地政学的不確実性下のエネルギーリスクと取引戦略
今後のインフレ指標を攪乱し、FRBに政策金利の据え置きを強いる可能性がある「エネルギーの脅威」を精査する必要がある。原油は、在庫が1,740万バレル増という大幅な積み増しにもかかわらず、ホルムズ海峡の閉鎖を背景に1バレル当たり83ドルを頑強に上回って推移している。同海峡は歴史的に世界の石油液体の2割超を扱う要衝であり、この地政学的圧力は、7月に見られたエネルギー項目のディスインフレが次回のインフレ報告で反転する可能性を高める。
金利先物はこの現実を織り込み直し、9月16日のFOMCでFRBが金利を据え置く確率は58%へ上昇した。歴史的に、エネルギー起因の供給ショック局面では、二次的なインフレの定着を防ぐため、中央銀行はよりタカ派寄りに傾きやすい。デリバティブ投資家は、利下げ期待へのエクスポージャーをヘッジする形でこの変化に備えるべきであり、債券市場は既に「粘着的なインフレ」環境を織り込み始めている。
下値目標はプット(売る権利)や先物ショートを用いて、まず53,500、次いで53,000を想定する。

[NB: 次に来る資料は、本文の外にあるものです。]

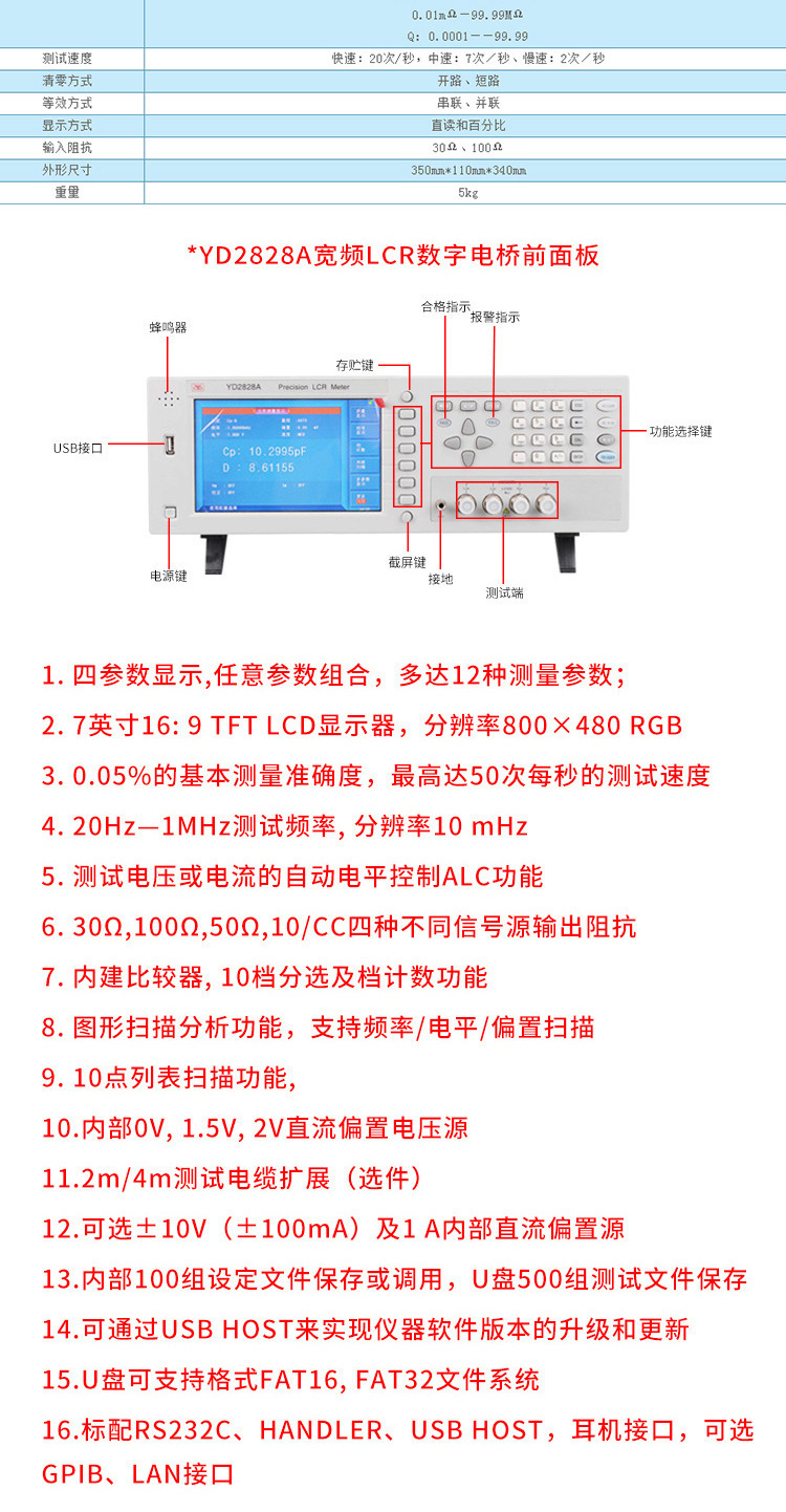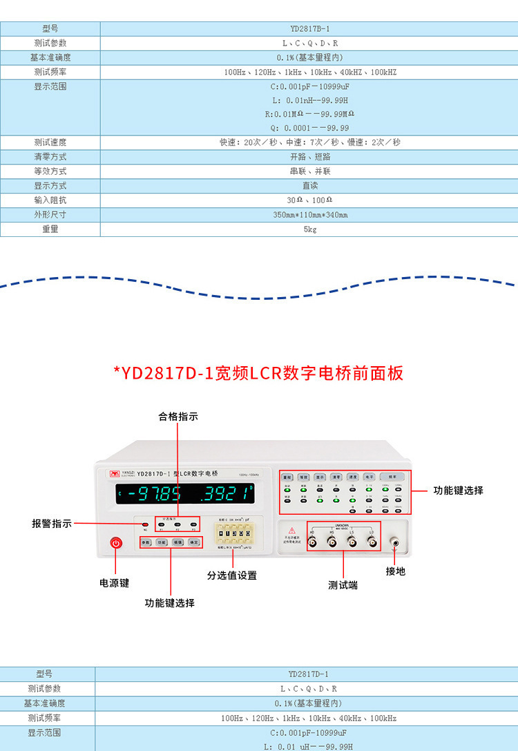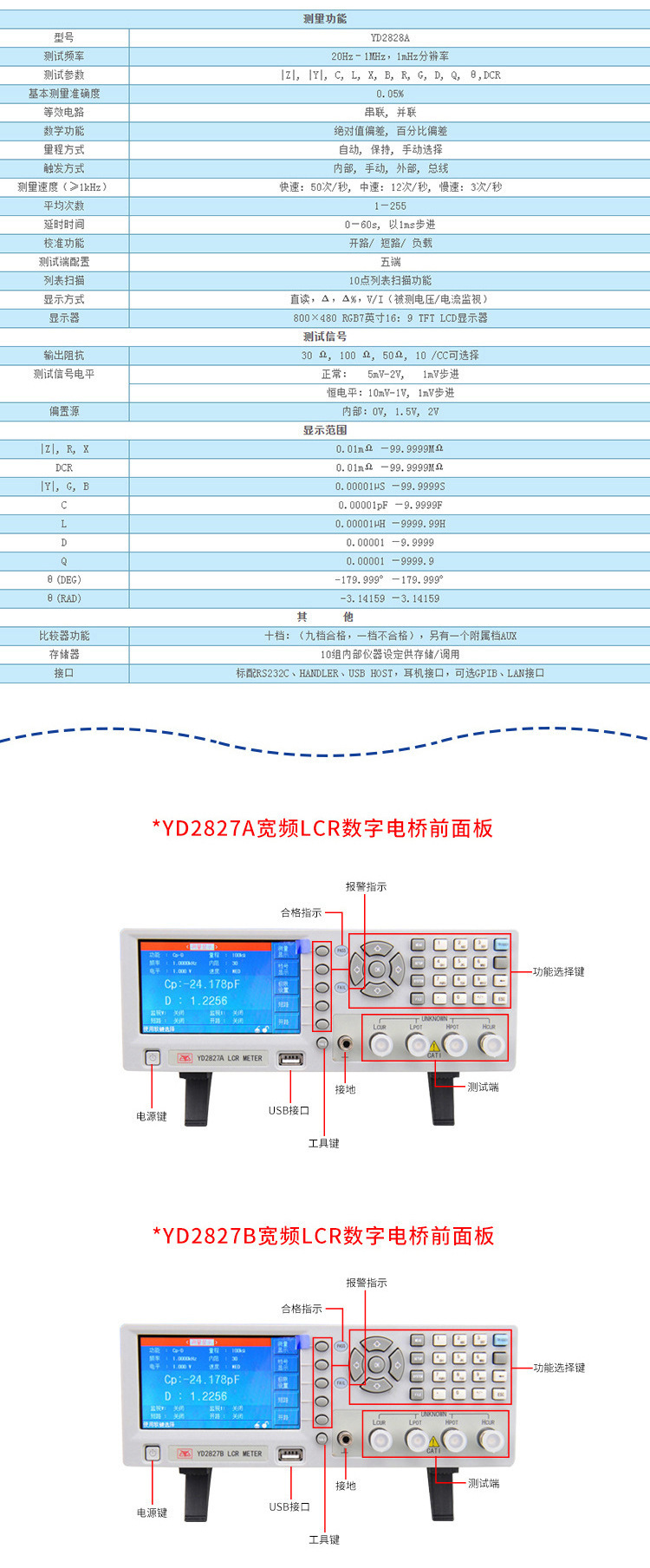 Yangzi YD2827A/B Высокая точность 200 кГц Настольный LCR цифровой мост индуктивный емкостный резистор

日足終値で54,000のレジスタンスを上回った場合、この弱気シナリオは無効となるため、タイトなストップロスの設定が不可欠だ。より広範な株価指数がダウ構成外のAI銘柄によって「下支え」されている一方、株価加重のダウは相対的に脆弱で、50日移動平均線近辺の52,250に向けたより深い調整に見舞われるリスクがある。